Allegri, gli scienziati sbagliano

La teoria di Albert Einstein è salva e possono dormire sonni tranquilli tutti gli scienziati che finora hanno dato credito a lui e ai suoi calcoli. Compresi coloro che lavorano al Cern di Ginevra e che cinque mesi fa avevano annunciato una scoperta sensazionale: i neutrini viaggerebbero a una velocità superiore a quella della luce, finora ritenuta insuperabile. Dopo l’inevitabile clamore suscitato dall’annuncio, le reazioni del mondo scientifico si sono correttamente concentrate intorno alla verifica di tutti i parametri dell’esperimento dall’esito rivoluzionario. E proprio i test di controllo hanno permesso di rilevare un problema tecnico che ha falsato sensibilmente i dati, inducendo gli esperti – pur in buona fede – a una conclusione errata.
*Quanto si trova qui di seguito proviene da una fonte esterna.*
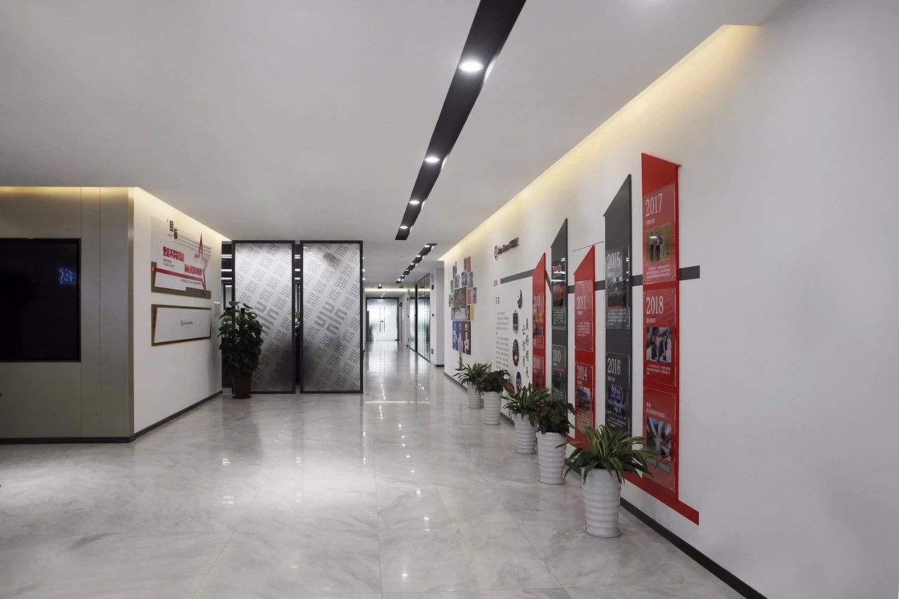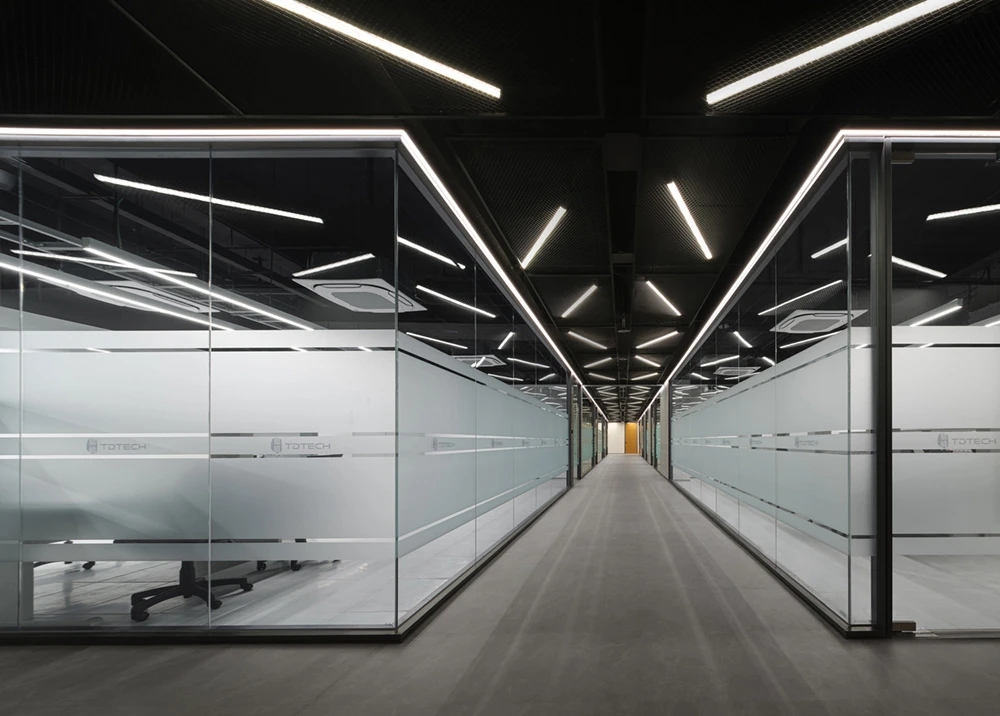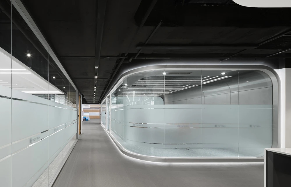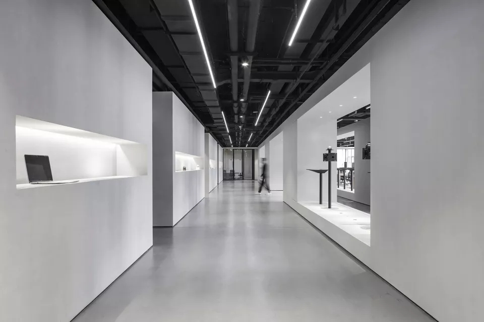 通往独立办公室的主要通道两侧同样是互动展示空间与产品展示墙,独立办公室人员路线必经展示群组空间;通过这两种人本身的行为路线与功能结合的设计,把两种空间完全融合在一起。

La scienza procede per prove ed errori, quindi non può stupire il fatto che su una scoperta di questo genere si sia dovuta fare marcia indietro.

Mediaticamente parlando, la rettifica da parte degli stessi ricercatori che hanno effettuato l’esperimento in oggetto ha ottenuto visibilità per un giorno, in rari casi è finita in prima pagina e ha suscitato reazioni limitate sui giornali, in tv e perfino online. È evidente la grande sproporzione rispetto alla copertura che testate informative e spazi di approfondimento avevano dedicato qualche mese fa al clamoroso annuncio.
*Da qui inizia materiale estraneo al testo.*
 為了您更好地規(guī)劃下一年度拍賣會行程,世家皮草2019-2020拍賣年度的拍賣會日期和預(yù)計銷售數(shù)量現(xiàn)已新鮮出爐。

In quell’occasione tutti i principali quotidiani avevano dedicato all’argomento un ampio spazio in prima pagina e in quelle centrali, proponendo dei veri e propri dossier e cercando, non sempre con efficacia, d’illustrare alla platea mondiale i contenuti dell’esperimento. Delle numerose voci di scienziati, esperti, filosofi, fisici, sociologi e commentatori vari che si erano sprecate allora, stavolta non è stata registrata alcuna traccia.

L’argomento era ed è caratterizzato da un’innegabile notiziabilità e altrettanta – per il sacro principio dell’equivalenza informativa – avrebbe dovuto averne l’ammissione dell’errore nella direzione di un ripristino della verità dei fatti. Ma la vocazione spettacolare da parte dei media in generale e (paradossalmente) delle testate informative in particolare detta legge più di qualunque altra regola. È netta l’impressione che il basso profilo di questi ultimi giorni sull’argomento sia determinato dalla volontà di non deludere l’affezionato pubblico prima ancora che la comunità scientifica.

Fra i media e la scienza c’è un’attrazione reciproca che spesso è più potente della forza di gravità. Il mondo scientifico è un serbatoio inesauribile di notizie, siano esse generate da dati comprovati, da nuove sperimentazioni, da semplici ipotesi o da inverosimili utopie. Anzi, più cresce la distanza fra la realtà dei fatti e le possibili deviazioni dalla norma, più aumenta in parallelo la possibilità di solleticare la curiosità popolare (con conseguenti benefici in termini di diffusione o di ascolti).

Dal canto loro, gli scienziati non vivono soltanto rinchiusi all’interno dei propri laboratori, ma sono anch’essi abitanti a pieno titolo del villaggio globale che i mezzi di comunicazione hanno costruito e rendono ogni giorno più avvolgente. Dato che uno degli annosi problemi della scienza moderna è il reperimento di fondi per finanziare la ricerca – gli esperimenti richiedono ingenti investimenti – un po’ di clamore mediatico può essere un veicolo pubblicitario per sollecitare non (sol)tanto i governi quanto qualche ricco mecenate a stanziamenti economici in tal senso.

Anche per questo, a differenza di quanto accadeva nel periodo d’oro della scienza classica, quando prima di annunciare una scoperta passava un lungo tempo dedicato a prove e controprove (e i mezzi di comunicazione non avevano l’odierna immediatezza nel rilanciare le news), oggi gli scienziati non disdegnano di solleticare l’attenzione popolare attraverso i media anche quando hanno in mano semplici ipotesi, ancora tutte da dimostrare.